Turning Claude into a Football Opposition Analyst with MCP

Turning Claude into a Football Opposition Analyst with MCP

When I started preparing talks on this topic, I thought it would be about winning games of football.

But in reality, it’s more a story about making sense of data, translating statistics into natural language, and providing an interface that allows anyone to access the data.

The Analyst-Manager Divide

In every industry, executives with deep knowledge of their business sit across from data analysts presenting dashboards they can’t interpret. In the time it takes to produce a new report, the decision the report should be influencing has already been made on gut feel alone.

Football is no exception. Imagine analyst who walks and talks like a tactics piece from The Athletic, talking about xG (Expected Goals - the probability of an individual shot being scored) or PPDA (Passes per defensive action) with an ex-professional footballer turned manager who struggles to turn on their phone, let alone hold statistical models in their head.

The two may as well be talking different languages.

The manager is well within his rights to reply back with “only one stat matters — that’s goals”.

Lost in Translation

If a player was recommended, I always watched them twice away from home

In a recent article, Tony Pulis talked about his recruitment process, and how his database was “in [his] own head”. Almost immediately, he followed this by saying he’d get appearances and goals from the Rothmans Football Yearbook.

One of the comments summed it up nicely: “Yeah that book full of you know .. DATA.”

For the most part, we’re still looking at the same data and measures of success, but it’s now stored and accessed in different ways. It’s just a different skillset, with different ways of working with information.

Ian Holloway, the manager of my hometown club Swindon Town, has also recently had his say on the current state of analysis.

If you want to be a coach, then go and take your badges and you’ll hear all sorts of nonsense spoken these days about “provoke the press”, and “two sixes”, and… “two eights and one six”, and “two tens”. It’s all complete nonsense, in my opinion.

There’s an experienced manager with over 1000 games under his belt, who has taken Swindon Town from the bottom to the top of League Two in 9 months, and clearly knows how to win football games, who this data is designed to help.

His exasperated advice:

Just ask ChatGPT.

Just ask ChatGPT (Or Claude, maybe)?

This topic has been on my mind for some time.

My role at Neo4j is to use generative AI and knowledge graphs to teach developers and data scientists about knowledge graphs and generative AI. I’ve always looked for opportunities to apply graph thinking to football analytics, and this is no exception.

The problem with LLMs

Large Language Models (LLMs), like the GPT series that power ChatGTP, are powerful, highly useful, next word predictors. They use patterns identified in large corpus of text to predict the next word in a sequence based on an input.

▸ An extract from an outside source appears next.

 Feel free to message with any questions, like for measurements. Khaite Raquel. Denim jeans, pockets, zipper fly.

When you prompt an LLM, or provide it with instructions, you’re narrowing down the search space and the possibilities.

An LLM has no knowledge of what it has generated.

This, coupled with lack of access to real-time data cause the models to Hallucinate, or present false and misleading information as fact.

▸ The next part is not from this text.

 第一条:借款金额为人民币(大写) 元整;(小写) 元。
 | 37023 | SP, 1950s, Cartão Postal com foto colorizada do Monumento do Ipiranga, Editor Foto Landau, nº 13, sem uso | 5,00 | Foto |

Some call this a feature, but in industries where accuracy is paramount, this is a real problem.

Solving the hallucination problem

A technique called Retrieval Augmented Generation (RAG) surfaced in 2023 to address the hallucination problem. RAG is an all encompassing term for improving the LLM generated responses (augmenting) by retrieving data from additional data sources.

You don’t use the LLM for it’s knowledge, you instead use it for it’s language generation skills.

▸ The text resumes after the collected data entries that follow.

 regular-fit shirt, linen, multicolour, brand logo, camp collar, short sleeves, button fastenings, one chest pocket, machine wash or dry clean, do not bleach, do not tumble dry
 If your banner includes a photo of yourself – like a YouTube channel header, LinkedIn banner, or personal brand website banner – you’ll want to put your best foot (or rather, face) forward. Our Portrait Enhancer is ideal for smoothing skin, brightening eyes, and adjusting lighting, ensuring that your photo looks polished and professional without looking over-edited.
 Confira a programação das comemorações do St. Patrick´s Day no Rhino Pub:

As models are fine tuned for reasoning, breaking down large tasks into smaller logical steps, the term Context engineering has emerged. RAG’s rigid retrieve-then-generate pipeline struggles with complex queries that need multiple retrieval steps or different types of information.

The ReAct pattern (Reason + Act) takes a different approach: the LLM reasons about what it needs, calls a tool, observes the result, and repeats until it has enough context to respond. Instead of one big retrieval upfront, context is built incrementally through a loop.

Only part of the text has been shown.